Мне говорили, что по окончании суда коллеги, в том числе и адвокат, поздравили Сербину с удачным выступлением. В том же или в 1982 г. она была признана лучшим прокурором Москвы. Речь на моем процессе дает представление о технологии ее успеха. Из конспекта видны технические уловки, которые она практикует в своей блистательной карьере.

С порога отметаются всякие сомнения в обвинительных материалах следствия. Процедурных нарушений и незаконных приемов у следователя не может быть. Понятно почему: ведь следствие ведется под контролем прокурора, и прокурор же подписывает обвинительное заключение — никогда прокурор на суде не усомнится в действиях своего коллеги, он его всячески защищает. Зато в отношении подсудимого прокурор не дает себя сбить с непримиримо атакующей позиции. Когда нечего ответить на аргументы защиты, они пропускаются мимо ушей либо фокус вопроса смещается так, чтобы загнать защиту в тупик, выставить в смешном виде. «Вы писали заявление в камере? В камере. И утверждаете, что следователь стоял и диктовал вам?» Хотя я этого не утверждал, речь шла совсем о другом. Обвинитель старается не быть голословным, но в обоснованиях не брезгует ничем — вплоть до извращения фактов и прямой лжи. Выдумывается, например, какая-нибудь несуществующая теория или аксиома вроде истинности первых показаний, хотя через некоторое время прокурор может утверждать прямо противоположное. Почему, собственно, именно первые показания истинны? Оказывается потому, что «когда обвиняемому предъявляются данные предварительного следствия, только тогда он начинает говорить». Hо материалы следствия предъявляются не в начале, а в конце, на закрытии дела. Получается чепуха, а не «теория» Но дело сделано, создается впечатление обоснованности — кто будет ловить прокурора на слове? Доводы защиты прокурор стремится обратить против подсудимого.

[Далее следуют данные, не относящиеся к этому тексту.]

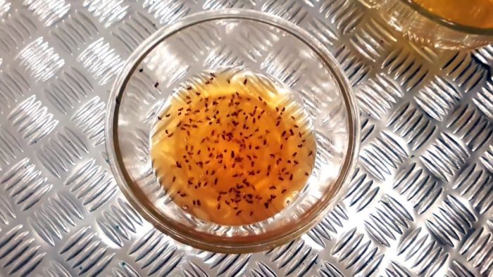 На этом все. Средство от мушек дрозофил готово. Поставьте емкость на открытое пространство и оно соберет всех летунов.

Замечания и дополнения к протоколам? Где же они? Никаких поправок там нет. Там с ваших слов записано: «Бред… незрелые мысли, не соответствующие действительности…» и т. д. Ваша подпись стоит? Стоит. Прокурор знает, что если она поправок к протоколам «не заметила», то судья тоже их «не увидит». Адвокат помалкивает, а мне на руки протоколы не дают. В результате подсудимый и здесь «лжет», вводит суд в заблуждение, оправдательные аргументы перековываются в обвинительные. Подсудимый уличает Величко в мести и оговоре? Полноте! Это сам подсудимый со своей женой из чувства мести и стремления избавиться от неугодных свидетелей порочат Величко и Гаврилова. Соседские и наши заявления, вызовы милиции, официальные предупреждения, штрафы Величко не потребуются и в расчет не берутся. Для прокурора свидетель обвинения — голубь, свидетель защиты — потенциальный преступник. Первая жена Мясникова на суде изменила прежние показания в пользу подсудимого — значит, лжесвидетельствует, это преступление, прошу частного определения. Подсудимый утверждает, что Гуревич прислал ему порнографию? Этому нельзя верить, ибо ранее подсудимый сам признавал, что не Гуревич, а он сам давал ему порнографию. Так она вывернула мои слова на суде о том, что Гуревич мог без меня ознакомиться с рукописью «173 свидетельств», ибо имел свободный доступ к моим писаниям и всегда проявлял интерес к самиздату. В огороде бузина, в Киеве дядька — эта нескладушка в арсенале прокурорского мошенничества. Если протоколы прокурор цитирует избирательно и толкует по-своему, то с устными показаниями на суде вообще не церемонится, извращает, как хочет.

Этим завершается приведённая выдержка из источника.